Let’s add a third person, Charlie, who grows pears. Beth fancies this delicious novelty and gladly trades all her milk for a full basket of pears. That’s three gallons (twelve quarts) for fifteen pears. Adam then comes along and tries to repeat yesterday’s exchange with Beth, but Beth is already out of milk. The following day, Adam visits Beth earlier to get a chance to “buy” milk before Charlie gets it all. Beth likes Charlie’s pears better than apples, but Adam says he’s willing to offer Beth two apples for a quart of milk. Since her milk now buys twice as many apples as before, she considers it.

This simple example is now providing insight into how the price mechanism works. Prices are exchange ratios. They are not determined at random but by people’s ranking of different goods. We can see that there are limits to where the prices might end up. Beth’s limit is a gallon of milk per apple. She doesn’t think paying more would be worth it. But with the new opportunity to exchange for pears, Beth no longer considers apples worth buying even at the price of one quart of milk. This is obvious from her buying only pears yesterday. Her valuation of an apple might not have changed, but she values the deal she can get for pears higher. Our purchasing decisions are based on such comparisons of value. They are relative: we pursue what we value most, and the prices we pay are limited by our valuation of what we get and what we offer as payment.

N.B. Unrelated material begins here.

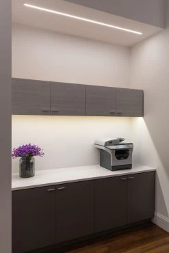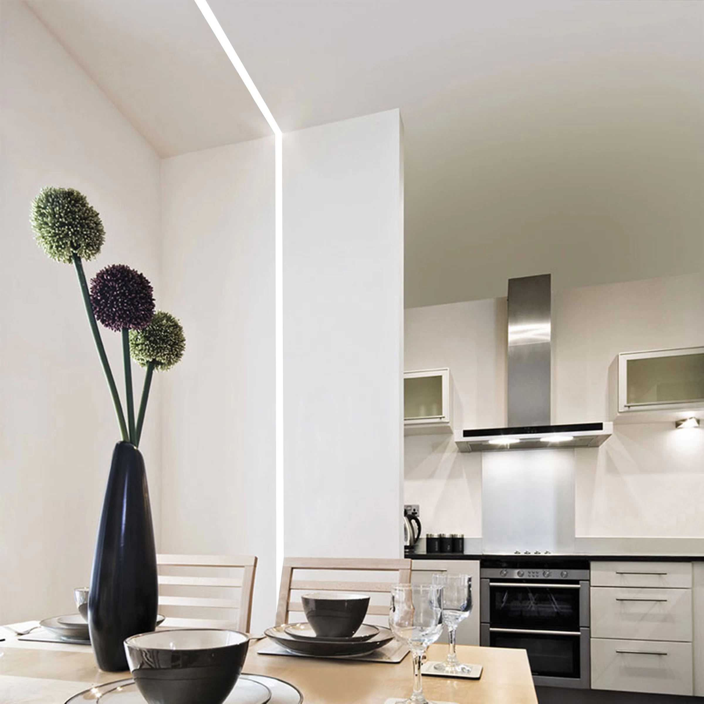 The TruLine .5A 5W 24VDC Plaster-In 24VDC LED system provides smooth and glare-free general illumination using designer-grade high CRI LEDs. TruLine .5A recesses within 5/8 inch drywall without any joist modification. The slim extrusions, LED strips, and lenses are field-cuttable.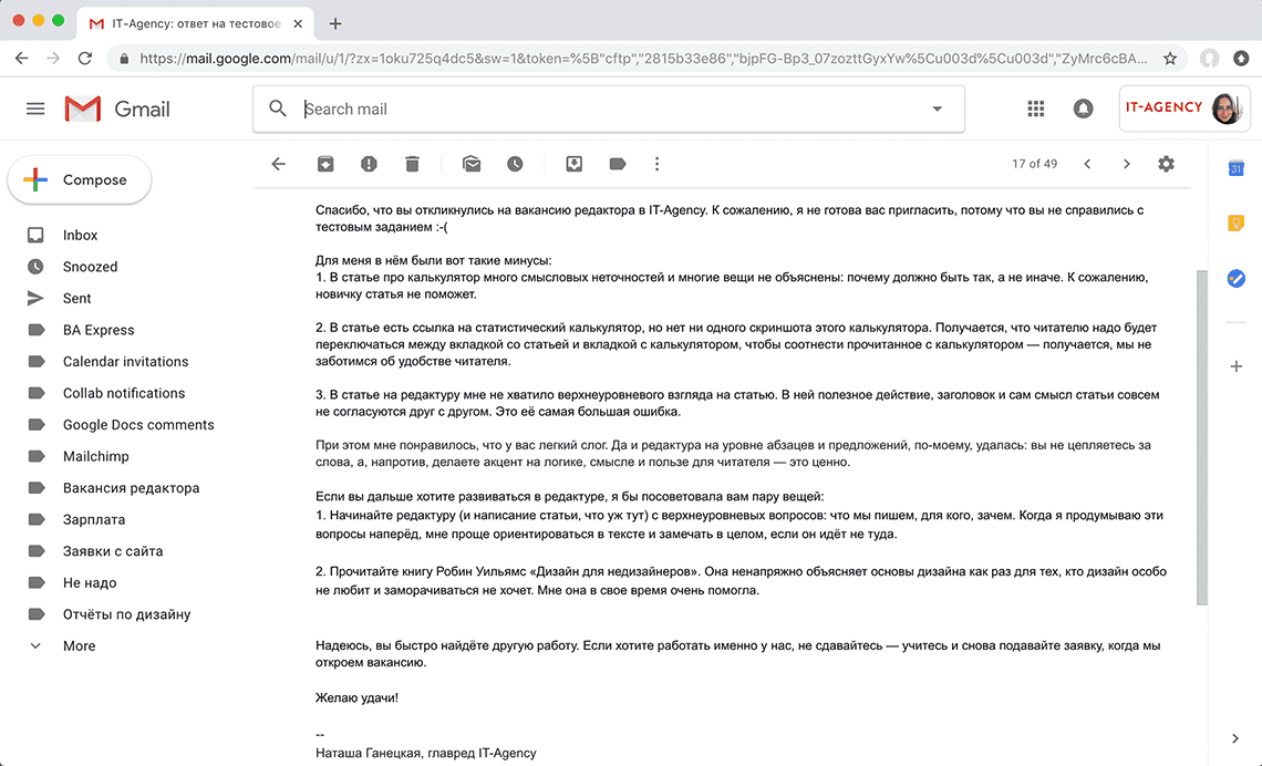 Вообще не отвечать — не вариант, послать стандартную отписку «Извините, вы нам не подходите» — тоже, поэтому я писала развёрнутые ответы каждому. Часть письма с отказом была шаблоном, но для каждого человека я его заполняла по-разному.

We can use this example to establish what the free-market exchange ratios (prices) between apples, pears, and milk would be, given Adam, Beth, and Charlie’s current valuations. To Beth, it is worth it to exchange one quart of milk for one apple. But not if she can get five pears for a gallon of milk—that is a better deal for her. Adam is now offering two apples for each quart of milk, which Beth is considering. If she takes the deal, then it would appear Beth values pears somewhere between one and two apples. We cannot be more exact than this, even if we assume that Beth’s taste for apples and pears doesn’t change. What we can do is record the exchange ratios over time. It seems an apple exchanged at one quart of milk on day one, five pears exchanged for a gallon of milk on day two, and two apples exchanged for a quart of milk on day three. But we did not observe and do not know anything about the limits of the three people’s valuations. Or how they could have changed over time.

This is the logic of prices. Add more people and more goods, and it will be more difficult to keep track of everybody and everything. But the mechanism is the same. Prices are exchange ratios. This is true even if everybody starts using one of the goods as a common medium of exchange, for example, money. If everybody starts referring to prices of goods in terms of how much milk it takes to buy them, then it will be much easier to compare prices. But prices are still exchange ratios and exchanges are still for mutual gain.

The Step-by-Step Method

Practically all of the important information that we get from the example of Adam, Beth, and Charlie was based not on observation but on our prior understanding of human action. Because we understand that we act to attain something that we value and that we engage in exchange with others for mutual gain, we can uncover the meaning of Adam’s, Beth’s, and Charlie’s exchanges and the exchange ratios that they determine. Simply observing who has what when, and perhaps the “mechanics” of the exchange, is not enough to understand what is going on. Similarly, in the economy overall: we cannot make two observations and pretend to have learned the processes that caused a difference between them. We have to step through the logic of action to uncover what actually was going on.

Let’s jump ahead and consider an example of a money economy (we’ll discuss money in chapter 6). Money has a certain purchasing power: we need specific amounts to buy different types of goods. Many economists, both past and present, would correctly claim that the supply of money (how much money is available) affects the prices of goods. As new money is created there is more money to buy the same number of goods, so money prices tend to go up. If the number of goods available to buy is the same but the money supply instead falls, then money is harder to come by—so money prices tend to fall.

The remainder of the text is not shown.